Exercise brief: Locate "Falda corta de" in the data below, then output the line it is on and all following lines through the last, word for word. Skip any pictures.

Data below:

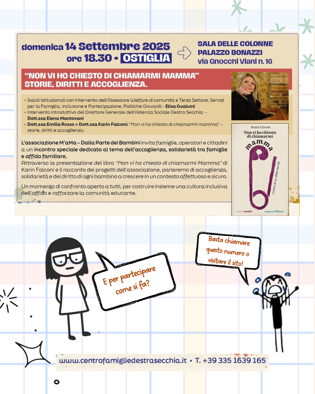 Domenica 14 settembre, alle ore 18:30, durante la presentazione di Non vi ho chiesto di chiamarmi mamma ci concederemo un momento di confronto aperto a tutti per costruire insieme una cultura inclusiva dell’affido e rafforzare la comunità educante.
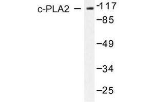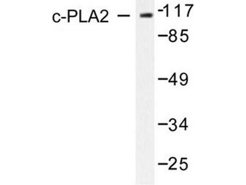 Phospholipase A2s (PLA2s) constitute a family of esterases that hydrolyze the sn-2-acyl ester bond in glycerophospholipid molecules. These enzymes are generally calcium-dependent and have been found both intra- and extracellularly. By hydrolyzing the sn-2 bond in glycerophospholipids, PLA2s release fatty acids. One such fatty acid, arachidonic acid, generates the substrates for the initiation of the arachidonic acid cascade that produces various eicosanoids (i.e. prostaglandins, leukotrienes and thromboxanes), many of which are potent mediators of inflammation. PLA2s include both the relatively low molecular weight type I and type II enzymes and the form known as cytoplasmic PLA2 (cPLA2). cPLA2 is present in the cytosol of various cells and tissues including platelets, macrophages and monoblasts, and preferentially hydrolyzes the sn-2 position of phospholipid molecules, releasing free arachidonate.Synonyms: Cytosolic phospholipase A2 beta, Phospholipase A2 group IVB, cPLA2-beta, phospholipase A2 beta
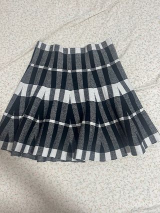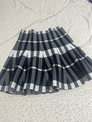 Falda corta de Stradivarius con un diseño de cuadros clásico. Muy nueva, poco uso. - Estampado de cuadros en blanco y negro. - Cremallera frontal. - Detalle de anilla metálica en la cintura.
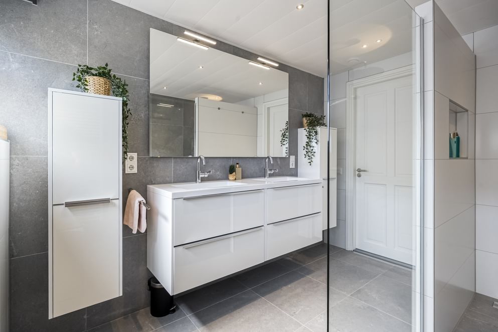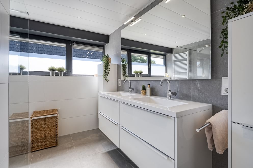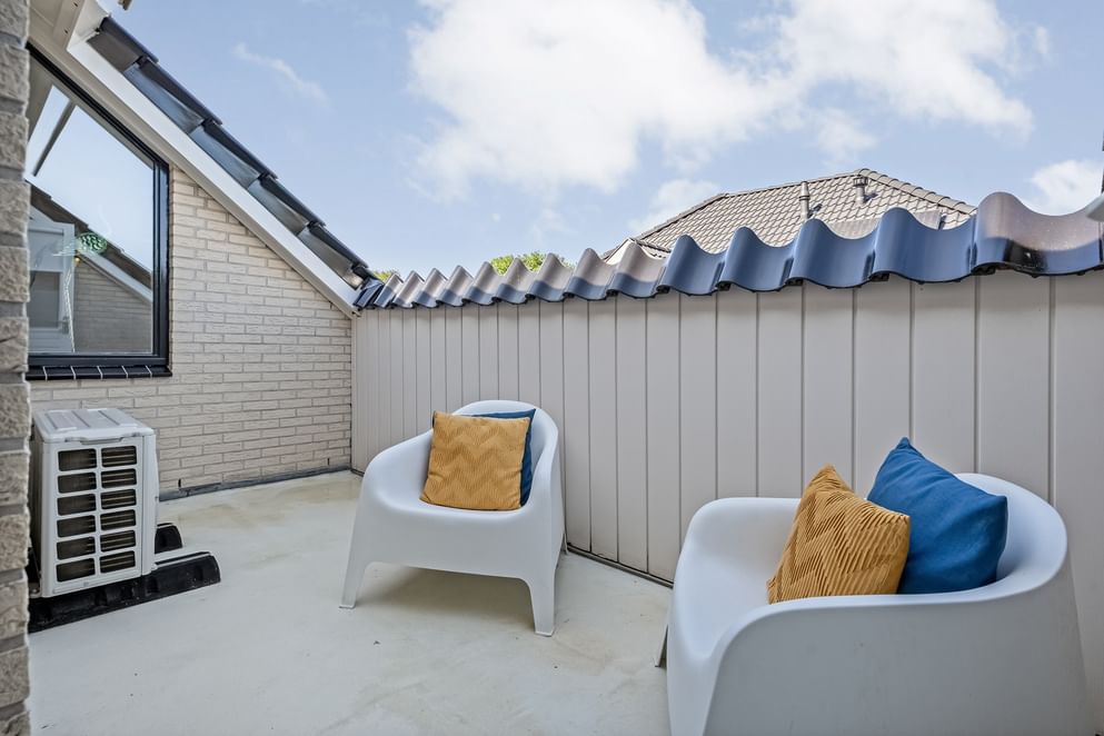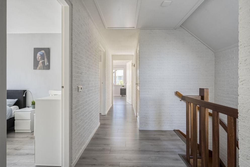 Boven kom je uit op de overloop waar de airco tijdens warme dagen voor verkoeling zorgt. Rechts vind je de grote slaapkamer: een serene, ruime kamer met inloopkast en een loggia waarop de laatste zonnestralen binnenvallen. Verder zijn er drie extra slaapkamers, ideaal voor kinderen, gasten of een hobby, waarvan één kamer directe toegang heeft tot de tweede loggia op de avondzon. De badkamer uit 2021 voelt als een mini spa dankzij de ruime inloopdouche, vloerverwarming en dubbele wastafel. Een apart toilet en slimme bergruimte achter de knieschotten maken de verdieping compleet.

Solution to this exercise:
 Falda corta de Stradivarius con un diseño de cuadros clásico. Muy nueva, poco uso. - Estampado de cuadros en blanco y negro. - Cremallera frontal. - Detalle de anilla metálica en la cintura.
 Boven kom je uit op de overloop waar de airco tijdens warme dagen voor verkoeling zorgt. Rechts vind je de grote slaapkamer: een serene, ruime kamer met inloopkast en een loggia waarop de laatste zonnestralen binnenvallen. Verder zijn er drie extra slaapkamers, ideaal voor kinderen, gasten of een hobby, waarvan één kamer directe toegang heeft tot de tweede loggia op de avondzon. De badkamer uit 2021 voelt als een mini spa dankzij de ruime inloopdouche, vloerverwarming en dubbele wastafel. Een apart toilet en slimme bergruimte achter de knieschotten maken de verdieping compleet.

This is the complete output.